Hello everyone, by way of introduction my name is Brendan Peterson, Team Lead for Scribe's Services department. Now, in my role here at Scribe I've encountered many types of questions and comments regarding Insight, but the most common question is how to make my integrations faster. As you can imagine, this is not a two-sentence answer, but I'd like to share with all of you some of the common ways we've found to boost performance.
The first, and most obvious, is to reduce the amount of work Scribe has to do. That may come across as a cop-out, but I assure you I've got more details to back it up! When working with Insight try to imagine your DTS not in context of the number of steps and rows, but rather the number of database operations needed per record. Let's take a common setup; someone trying to integrate new and changed account data between two systems. This integration methodology requires us to first check to see if the account record we are working with exists in the target system. If it does we then want to update that record with the appropriate data. So this design would have 1 seek, 1 update, and 1 insert.
Now when seeing this design you would imagine that, worst case scenario, you have a maximum of 2 operations per record (seek + insert, or seek + update). But you would be wrong; inherently an update does a "pre-seek" and then attempts the update. Therefore a successful seek step has 2 database operations it commits, not just 1. The only way to avoid a situation like this would be to make better use of pre-operation formulas and eliminate the seek step being used (IE have a success of 0 from the update indicate the record does not exist in the system).
Additionally if you find yourself re-using DBLOOKUP or SQLQUERY functions within the formulas of a DTS, you should store these in a calculated variable and utilize that instead. Every time a DBLOOKUP or SQLQUERY function is used, it's an additional database operation being performed, thus if you store it in a variable, it's only committed 1 time to bring the results back to the DTS.

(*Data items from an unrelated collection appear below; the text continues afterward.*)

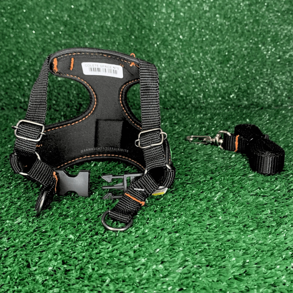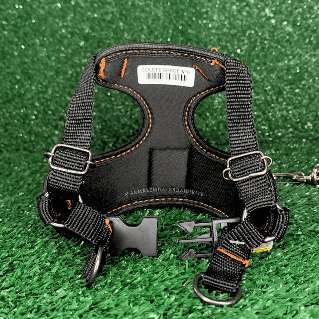 Com fechos resistentes e alças ajustáveis, ele oferece praticidade na colocação e remoção, além de um encaixe firme para evitar escapadas. Ideal para passeios diários, garantindo mobilidade e bem-estar ao seu cão.
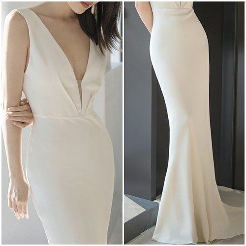 ウェディングドレス Vネック ノースリーブ マーメイド 白 シンプル 結婚式 二次会 パーティー エレガント 大きいサイズ ウェディングドレス Vネック ノースリーブ マーメイド 白 シンプル 結婚式
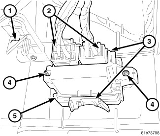 1. Position the blower motor power module (5) to the front HVAC housing (1) and engage the two retaining tabs (3). Make sure the retaining tabs are fully engaged.
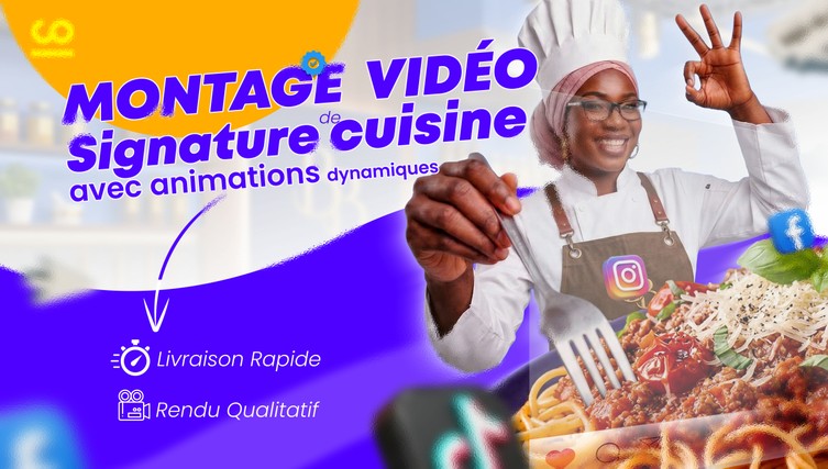 Je vais créer votre vidéo cuisine signature avec animations dynamiques

Looking outside the DTS itself, you can increase performance exponentially by making use of Queue based integrations within Scribe. Our queue based technology uses multi-threading, allowing us to increase the amount of data being passed to the target system. We also make use of our Message Processors in a powerful fashion. The message processors have functionality built in to remember the context of a DTS. So, if we are passing Accounts, Contacts, and Sales Orders from, let's say Dynamics GP and Dynamics CRM, our message processors will pick up a message from the queue, make the appropriate connections to GP or CRM, and pass that record through. Before closing the connections, they will attempt to find another XML message of the same type, and pass that through the open connections from the first message.
The reason this is such a good feature is that we do not need to re-connect to our data sources time and time again. This process can be slow, especially with applications such as CRM. By maintaining our connections we can increase the speed of jobs. When using Time, File, or Query based integrations we do not have this same functionality.
There are also some "app-specific" changes we can make with our adapters. Using the Salesforce.com adapter you should make sure Compression has been enabled, and change the Query Batching settings when moving larger set of data. Make sure your machine running Scribe has enough memory to store the data (this feature will hold more data in memory, but will make less hops over the internet passing it to Salesforce.com) and adjust this as needed. Lastly, use Upsert whenever possible for more simple data loads, as the Salesforce.com API will handle the relationships instead of forcing Scribe to create the connections.
For Dynamics CRM, you can adjust some particular settings with the adapter as well. We'll see the same change to the query batching as in Salesforce.com, but also removing Pick List Validation for CRM. These and more suggestions can be found in this blog posting from Customer Effective as well.
There are plenty of other ways to boost performance of Scribe, keep checking back here as my focus will solely be the technical features and functions of Insight, and making the best use of them.
So in this case, what about using an Update/Insert step instead? How is performance with one step compared to the two options you discussed?
Posted by: Michael Cross | 08/28/2009 at 02:04 PM
Your performance would be the same in the fact that you would either do an update, or an insert. But the benefit of using multiple steps is that you can use Pre-op formulas to direct data. So in my example I'm checking for NULL data in the Key Cross lookup, and also doing a DBLOOKUP to see if the account exists in the table. If those both come back #NULL! I move on to my insert, which saves me from having to perform the update and wait for it to return a success of zero. I also do have the success of zero on an update go to my insert as a "just in case", that should not happen from my design...
Posted by: Brendan Peterson | 08/28/2009 at 02:43 PM